> [ACTIVITY]: Verbatim repeat, images excluded. Give each entry again as written.

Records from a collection

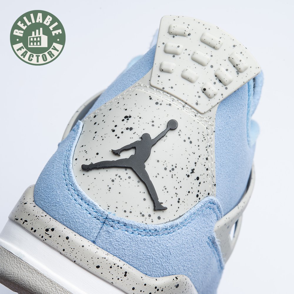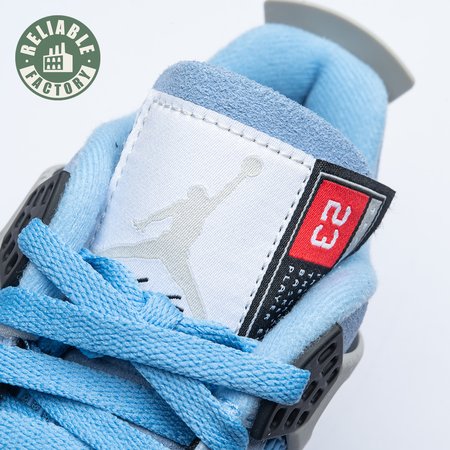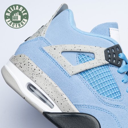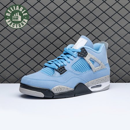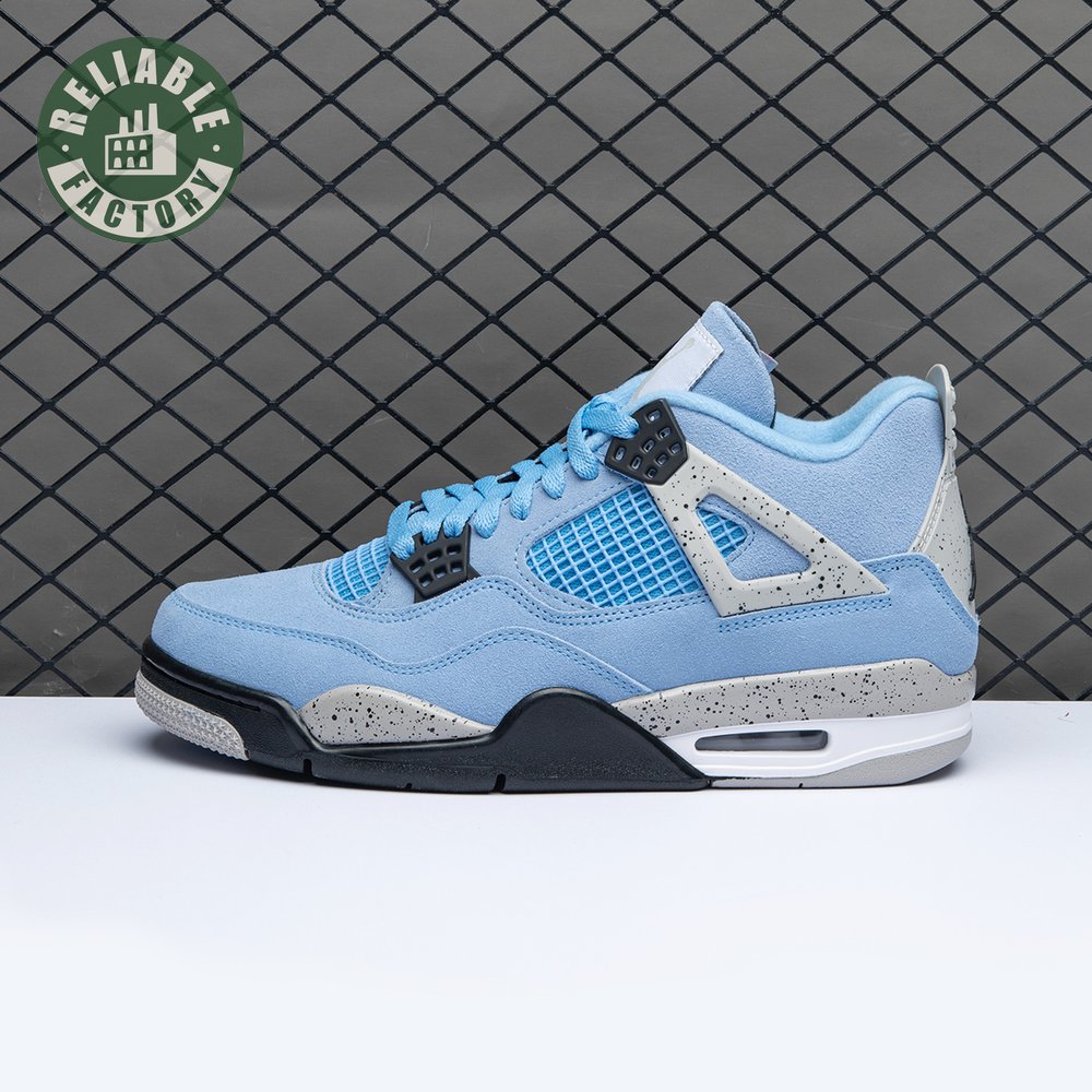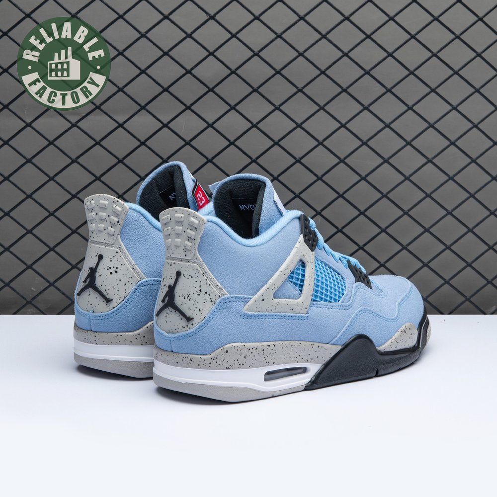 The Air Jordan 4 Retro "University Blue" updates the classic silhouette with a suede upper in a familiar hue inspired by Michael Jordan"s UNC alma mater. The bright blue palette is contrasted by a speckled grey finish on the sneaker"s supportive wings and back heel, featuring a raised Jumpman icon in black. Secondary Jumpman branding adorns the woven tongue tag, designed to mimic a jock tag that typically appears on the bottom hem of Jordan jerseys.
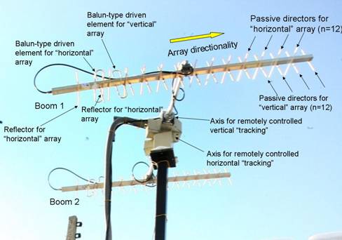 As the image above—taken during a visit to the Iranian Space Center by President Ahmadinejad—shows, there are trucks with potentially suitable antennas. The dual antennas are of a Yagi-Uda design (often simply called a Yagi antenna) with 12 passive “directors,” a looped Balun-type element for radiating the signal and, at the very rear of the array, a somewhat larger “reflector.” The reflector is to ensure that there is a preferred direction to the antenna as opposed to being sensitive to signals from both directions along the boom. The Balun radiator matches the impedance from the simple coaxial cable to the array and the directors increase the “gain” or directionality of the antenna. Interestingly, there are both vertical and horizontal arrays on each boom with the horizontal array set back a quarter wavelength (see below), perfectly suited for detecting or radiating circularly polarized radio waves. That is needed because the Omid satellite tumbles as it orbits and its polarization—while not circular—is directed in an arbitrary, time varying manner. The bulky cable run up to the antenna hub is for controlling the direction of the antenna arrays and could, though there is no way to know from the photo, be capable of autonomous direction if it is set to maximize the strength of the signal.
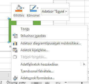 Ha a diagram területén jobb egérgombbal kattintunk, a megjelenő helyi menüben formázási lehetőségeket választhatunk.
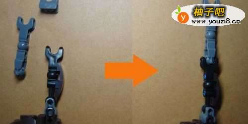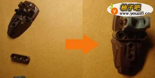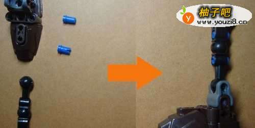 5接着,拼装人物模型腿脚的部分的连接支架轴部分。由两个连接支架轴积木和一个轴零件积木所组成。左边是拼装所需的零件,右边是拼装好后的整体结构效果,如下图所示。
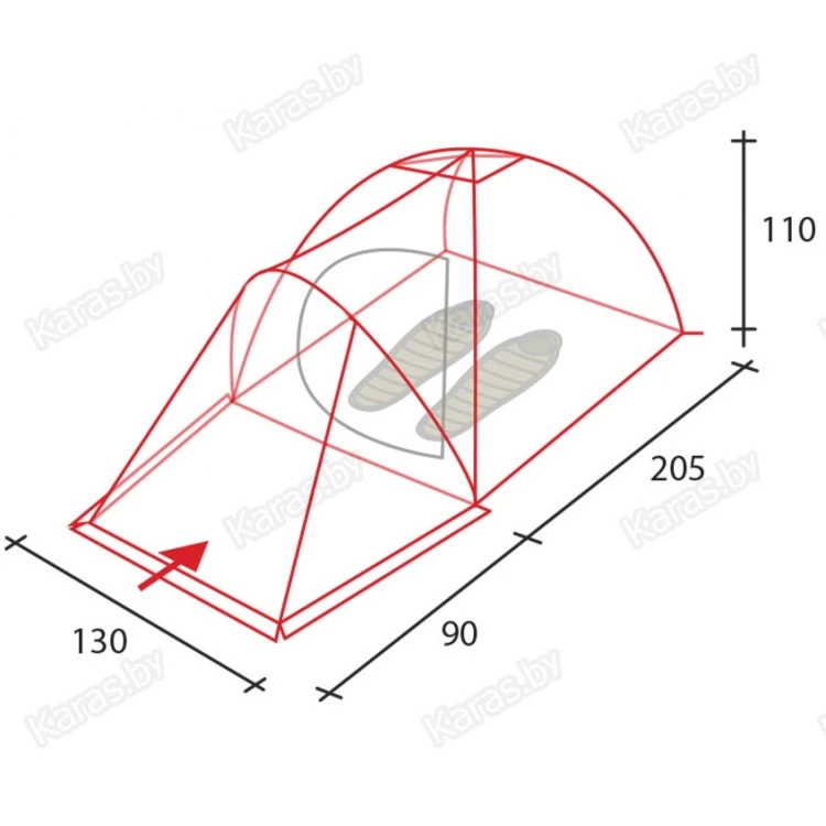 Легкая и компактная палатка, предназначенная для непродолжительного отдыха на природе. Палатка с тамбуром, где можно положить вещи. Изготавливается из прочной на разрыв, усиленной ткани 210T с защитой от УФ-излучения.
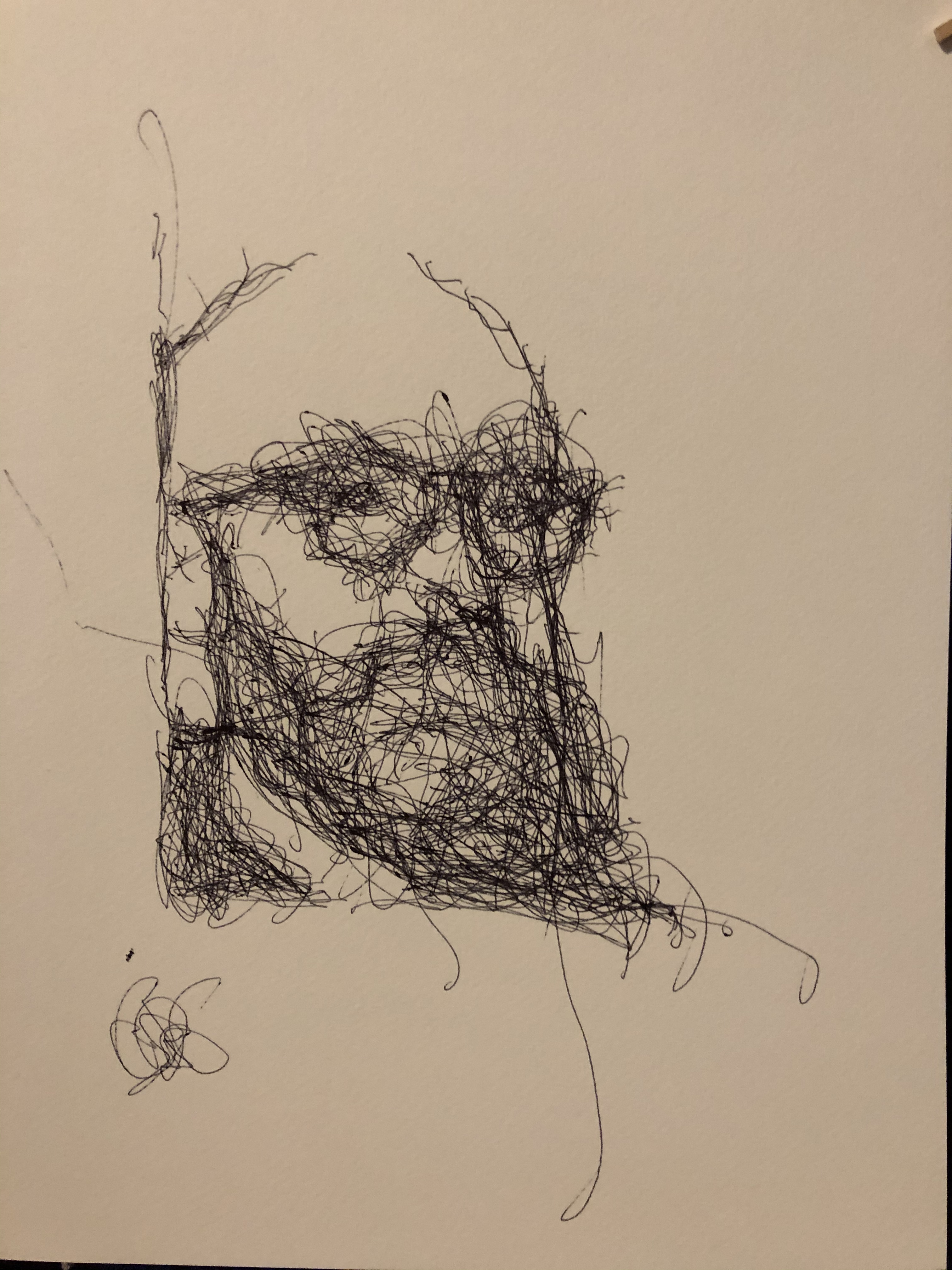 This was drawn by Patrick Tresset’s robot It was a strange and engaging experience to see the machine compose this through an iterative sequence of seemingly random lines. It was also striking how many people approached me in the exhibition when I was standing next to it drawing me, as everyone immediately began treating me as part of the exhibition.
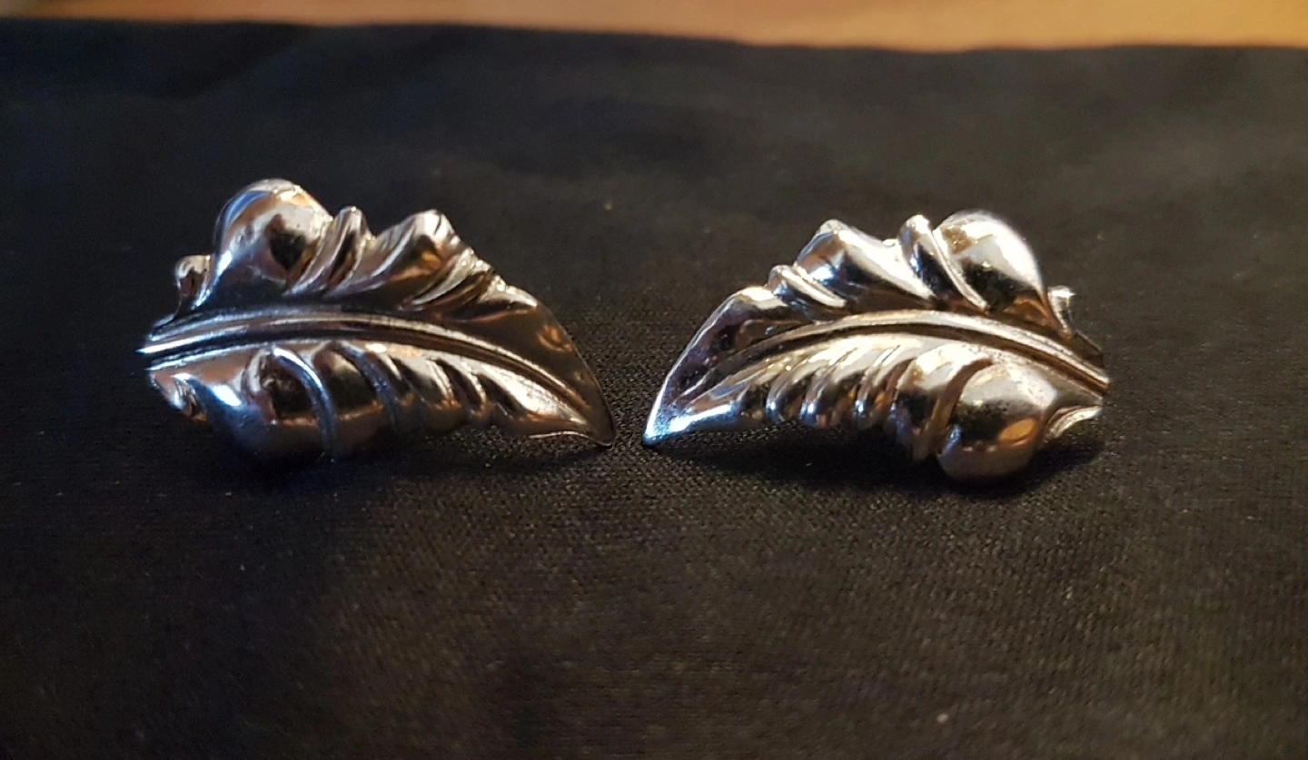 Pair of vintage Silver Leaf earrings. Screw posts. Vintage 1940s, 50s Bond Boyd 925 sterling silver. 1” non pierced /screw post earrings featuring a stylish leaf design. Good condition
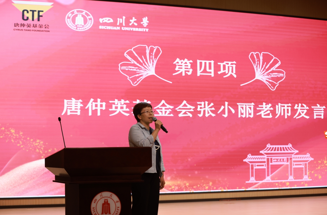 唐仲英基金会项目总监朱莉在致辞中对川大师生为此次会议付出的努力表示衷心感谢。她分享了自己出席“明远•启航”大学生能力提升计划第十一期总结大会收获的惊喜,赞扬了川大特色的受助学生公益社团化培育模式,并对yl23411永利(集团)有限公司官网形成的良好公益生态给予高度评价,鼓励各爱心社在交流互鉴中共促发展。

> [RESULT FOR THIS TASK]:
 The Air Jordan 4 Retro "University Blue" updates the classic silhouette with a suede upper in a familiar hue inspired by Michael Jordan"s UNC alma mater. The bright blue palette is contrasted by a speckled grey finish on the sneaker"s supportive wings and back heel, featuring a raised Jumpman icon in black. Secondary Jumpman branding adorns the woven tongue tag, designed to mimic a jock tag that typically appears on the bottom hem of Jordan jerseys.
 As the image above—taken during a visit to the Iranian Space Center by President Ahmadinejad—shows, there are trucks with potentially suitable antennas. The dual antennas are of a Yagi-Uda design (often simply called a Yagi antenna) with 12 passive “directors,” a looped Balun-type element for radiating the signal and, at the very rear of the array, a somewhat larger “reflector.” The reflector is to ensure that there is a preferred direction to the antenna as opposed to being sensitive to signals from both directions along the boom. The Balun radiator matches the impedance from the simple coaxial cable to the array and the directors increase the “gain” or directionality of the antenna. Interestingly, there are both vertical and horizontal arrays on each boom with the horizontal array set back a quarter wavelength (see below), perfectly suited for detecting or radiating circularly polarized radio waves. That is needed because the Omid satellite tumbles as it orbits and its polarization—while not circular—is directed in an arbitrary, time varying manner. The bulky cable run up to the antenna hub is for controlling the direction of the antenna arrays and could, though there is no way to know from the photo, be capable of autonomous direction if it is set to maximize the strength of the signal.
 Ha a diagram területén jobb egérgombbal kattintunk, a megjelenő helyi menüben formázási lehetőségeket választhatunk.
 5接着,拼装人物模型腿脚的部分的连接支架轴部分。由两个连接支架轴积木和一个轴零件积木所组成。左边是拼装所需的零件,右边是拼装好后的整体结构效果,如下图所示。
 Легкая и компактная палатка, предназначенная для непродолжительного отдыха на природе. Палатка с тамбуром, где можно положить вещи. Изготавливается из прочной на разрыв, усиленной ткани 210T с защитой от УФ-излучения.
 This was drawn by Patrick Tresset’s robot It was a strange and engaging experience to see the machine compose this through an iterative sequence of seemingly random lines. It was also striking how many people approached me in the exhibition when I was standing next to it drawing me, as everyone immediately began treating me as part of the exhibition.
 Pair of vintage Silver Leaf earrings. Screw posts. Vintage 1940s, 50s Bond Boyd 925 sterling silver. 1” non pierced /screw post earrings featuring a stylish leaf design. Good condition
 唐仲英基金会项目总监朱莉在致辞中对川大师生为此次会议付出的努力表示衷心感谢。她分享了自己出席“明远•启航”大学生能力提升计划第十一期总结大会收获的惊喜,赞扬了川大特色的受助学生公益社团化培育模式,并对yl23411永利(集团)有限公司官网形成的良好公益生态给予高度评价,鼓励各爱心社在交流互鉴中共促发展。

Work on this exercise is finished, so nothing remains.